Perhaps the most overlooked and least celebrated of central London’s Royal Parks, Green Park (officially The Green Park) is a peaceful oasis of leafy trees between the bustle of Piccadilly and traffic of Constitution Hill and part of an unending swathe of green which connects Kensington Gardens with, eventually, St James’ Park.
Originally meadowland used for hunting, the earliest known mention of the area where the park now stands was apparently in 1554 when it was believed to be a staging point for Thomas Wyatt (the younger) who led a group of rebels protesting against the marriage of Queen Mary I to King Philip II of Spain. The unfortunate – and unsuccessful (in terms of his rebellion at least) – Wyatt was later beheaded for treason.
In 1668, King Charles II had the park enclosed with a brick wall and stocked with deer, as well as having a ranger’s lodge and icehouse built (to keep his drinks cool when entertaining in summer). While it was initially known as Upper St James’s Park, by 1746 Green Park had its own name. It’s not really known what prompted the name change but the unofficial story is that Queen Catherine of Braganza, wife of King Charles II, found out that her philandering husband had picked some flowers there for another woman – a milkmaid. In revenge, she had every flower in the park pulled up with orders they were not to be replanted. To this day, while some 250,000 daffodils bloom here in spring, there remain no formal flowerbeds in the park.
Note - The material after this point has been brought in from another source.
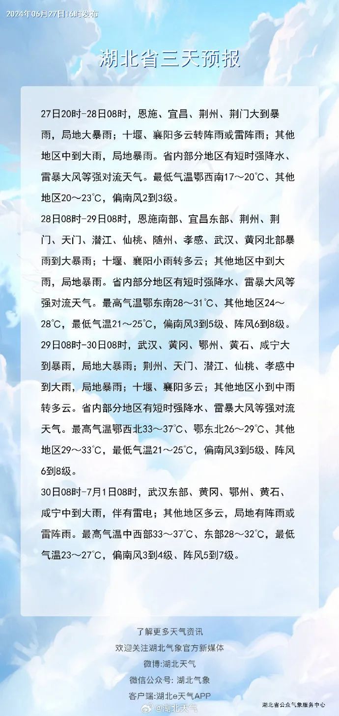 另从武汉市气象局获悉,27日晚至29日,全市将迎来新一轮大到暴雨天气过程,并伴有短时强降水、雷暴大风等强对流天气,预计此次过程累计雨量80mm~150mm,局地可达250mm以上,最大小时雨强50mm~80mm,雷雨时最大阵风风速达8~11级。预计28日夜间至29日白天降雨最强,外出要注意防范雷暴大风等强对流天气不利影响,防范强降雨可能引发的山洪地质灾害及城乡内涝。

The 47 acre (19 hectare) park, which was also used on occasion as a duelling ground, underwent further development at the beginning of the following century with the creation of the ornamental Tyburn Pool near the centre of the park.
Queen Caroline, the wife of King George II, meanwhile, had a reservoir built to supply water to St James’s Palace and Buckingham Palace (it was known as the Queen’s Basin) as well as a library and the Queen’s Walk. Planted in 1730, this runs along the eastern side of the park and helped to turn it into a fashionable place in which to be seen (and led to the building of many a mansion in nearby Piccadilly).
Other buildings in the park have included two temporary ‘temples’ – the Temple of Peace (erected in 1749 to mark the end of the War of Austrian Succession) and the Temple of Concord (erected in 1814 to mark 100 years of the rule of the Hanoverian dynasty). Both of these, believe it or not, burnt down during the celebrations they were built for.
The park, which underwent a redesign in which the first trees were planted in the 1820s as part of architect John Nash’s grand plans for St James’s Park, was opened to the general public in 1826 but by then many of its earlier features – including the ranger’s house, Tyburn Pool and the Queen’s Basin – were already gone.
In more recent times, war memorials have been added to the park – the maple-leaf daubed, Pierre Granche-designed memorial to Canadian soldiers in 1994 (Canada is also remembered in Canada Gate on the park’s south side, installed in 1908 to mark the nation’s contribution to the Empire), and a set of memorial gates on Constitutional Hill at the park’s western end which is dedicated to the five million people from the Indian Sub-Continent, Africa and the Caribbean who served in World War II in 2004. The park also features the ‘Diana fountain’, installed in 1952 by the Constance Fund (and currently undergoing restoration).
On 14th June, a 41 royal gun salute is fired here to mark the Queen’s birthday. Salutes are also fired here for the State Opening of Parliament in November or December, Remembrance Sunday, and for State Visits.